Hubster
...
Last night I went to some ugly bithes sweet sixteen. I think that it's an idiotic tradition that celebrates nothing particularly great. What's good about turning 16, you already have reached puberty, you can't drive yet (in NJ), you can't buy cigs or alcohol, you can't join the army, you can't be declared an adult, and you can't drop out of school. Anyway, I normally wouldn't be rude enough to show up at a party, that I was invited, drunk with a persons family there, but it was Saturday and Cinco De Mayo so I decided to go wasted. Anyway I get there I'm drunk, but after 3 hours I started to sober up. So I walk to the bathroom to piss and I notice an open bar with nobody in it. I walk in and take a few swigs or Jack and ditch the area in fear of getting caught. Well soon after I was back at the bar finishing up some Captin Morgans. At this point I was wasted. I'm hitting on every chick there taking in no consideration for boyfriends or ugliness.
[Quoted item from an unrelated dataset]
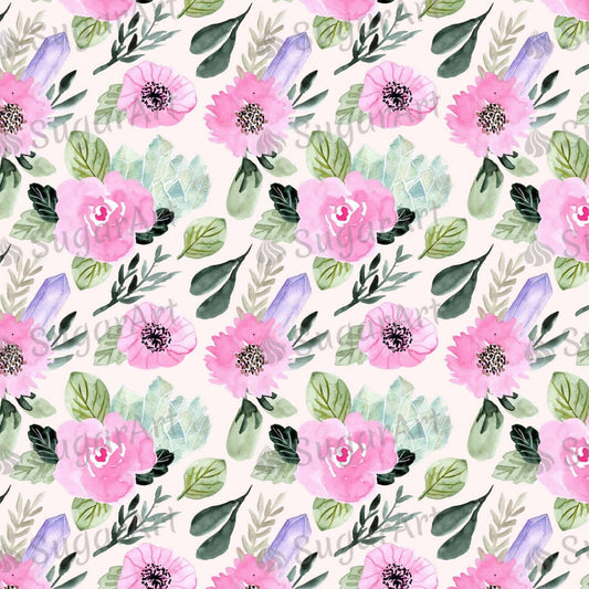 Pink Floral Crystal Watercolor Pattern - Icing - ISA092

After making out with two chicks (pretty ugly ones if I remember correctly) and I go back to the open bar. The bar had been pitch black previously, but now as I walked in the lights were on. At this point I'm to drunk to realize that someone who wroked at the place had noticed that somone had been riading it. So I pop open two beers and chug em and then some lady comes. She yells at me and says she is going to call the cops. I giggle a little then take off through the back door. To cut the story short I ran ten miles home wasted. And I'm not sure how I did it, but from the bloody sheets I woke up in this morning it def. wasn't a safe path that I took. Oh and my friend said that I made out with a lesbian yesterday as well.